### EXERCISE DETAILS
Copy each line below as written, but skip the pictures.

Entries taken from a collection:
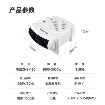 这款采用双面进风设计,可快速升温,温暖不久等。细密的金属栅格出风口设计,散热快而且耐高温,让使用更加安全。
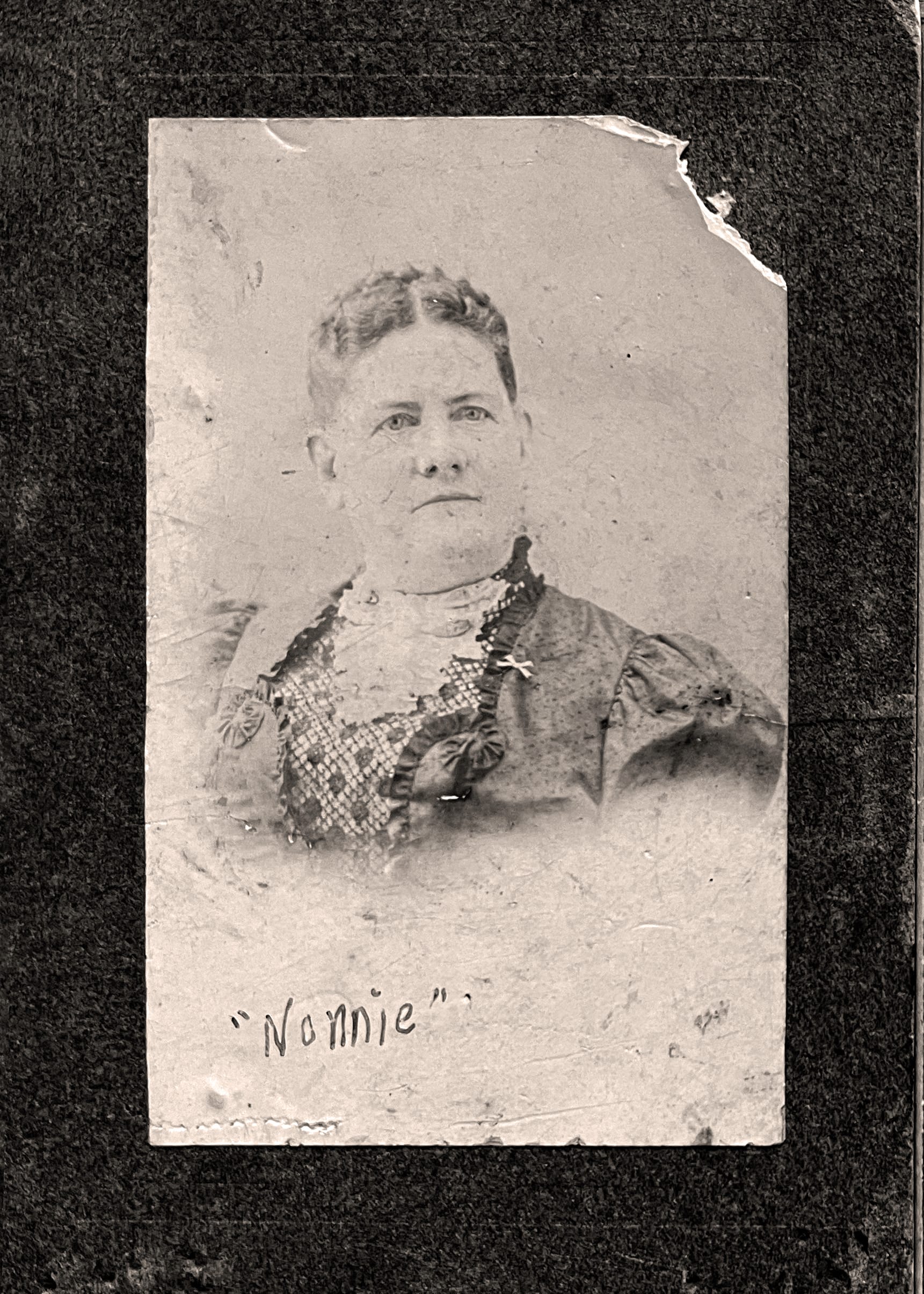 Nonnie was born June 25, 1850 to Leonard Larabee Hotchkiss (1812-1882) and his wife Louisa Mix Hubbard (1812-1903). Louisa's father, Ezekiel Hotchkiss (1785-1849) had been an alcoholic who died of this disease. Family tradition had it that Louisa's sister Sarah and her husband George H. Porter (1819-1905) had lost several babies. Leonard and Louisa's family was already quite large by 1850 — with seven children ranging in age from 16 to 5 years old — so when Alta was born she was given to her mother’s sister to be raised as a Porter. The baby was originally named Sarah Elizabeth, after her aunt, but then her adoptive parents changed her name to Alta to avoid confusion.
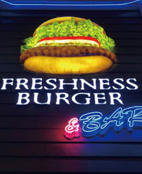このお店ではFRPの立体バーガーサイン、LED内照チャンネルサイン、ネオンチューブサインと3つの仕様が採用されているハイブリットサインとなっています。闇夜に映え、お客を引き付ける実によく考えられたデザインだと感じました。
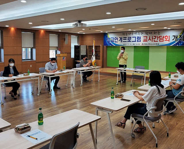 청도군(군수 이승율)은 지난 13일 청소년수련관에서 하반기 학교연계프로그램 운영을 위해 청소년프로그램 운영관련 담당 교사 10여명이 참석한 가운데 ‘2021 학교연계프로그램 교사간담회’를 개최했다.
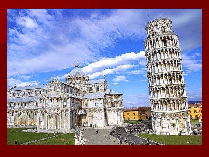 Пиза нская башня — колокольная башня, часть ансамбля Пизанского собора. Строительство башни было закончено в 1360 году. Башня имеет 294 ступеньки. Высота башни составляет 56, 7 м на самой высокой стороне. Диаметр основания — 15, 54 м. Пизанская башня "падает" наклонившись к югу. С того времени, как начались постоянные измерения башни в 1911 году, было зафиксировано, что вершина наклоняется на 1, 2 миллиметра в год. На сегодняшний день, вершина Пизанской башни наклонена на 5, 3 м от центра.

### ANSWER SPACE
 这款采用双面进风设计,可快速升温,温暖不久等。细密的金属栅格出风口设计,散热快而且耐高温,让使用更加安全。
 Nonnie was born June 25, 1850 to Leonard Larabee Hotchkiss (1812-1882) and his wife Louisa Mix Hubbard (1812-1903). Louisa's father, Ezekiel Hotchkiss (1785-1849) had been an alcoholic who died of this disease. Family tradition had it that Louisa's sister Sarah and her husband George H. Porter (1819-1905) had lost several babies. Leonard and Louisa's family was already quite large by 1850 — with seven children ranging in age from 16 to 5 years old — so when Alta was born she was given to her mother’s sister to be raised as a Porter. The baby was originally named Sarah Elizabeth, after her aunt, but then her adoptive parents changed her name to Alta to avoid confusion.
このお店ではFRPの立体バーガーサイン、LED内照チャンネルサイン、ネオンチューブサインと3つの仕様が採用されているハイブリットサインとなっています。闇夜に映え、お客を引き付ける実によく考えられたデザインだと感じました。
 청도군(군수 이승율)은 지난 13일 청소년수련관에서 하반기 학교연계프로그램 운영을 위해 청소년프로그램 운영관련 담당 교사 10여명이 참석한 가운데 ‘2021 학교연계프로그램 교사간담회’를 개최했다.
 Пиза нская башня — колокольная башня, часть ансамбля Пизанского собора. Строительство башни было закончено в 1360 году. Башня имеет 294 ступеньки. Высота башни составляет 56, 7 м на самой высокой стороне. Диаметр основания — 15, 54 м. Пизанская башня "падает" наклонившись к югу. С того времени, как начались постоянные измерения башни в 1911 году, было зафиксировано, что вершина наклоняется на 1, 2 миллиметра в год. На сегодняшний день, вершина Пизанской башни наклонена на 5, 3 м от центра.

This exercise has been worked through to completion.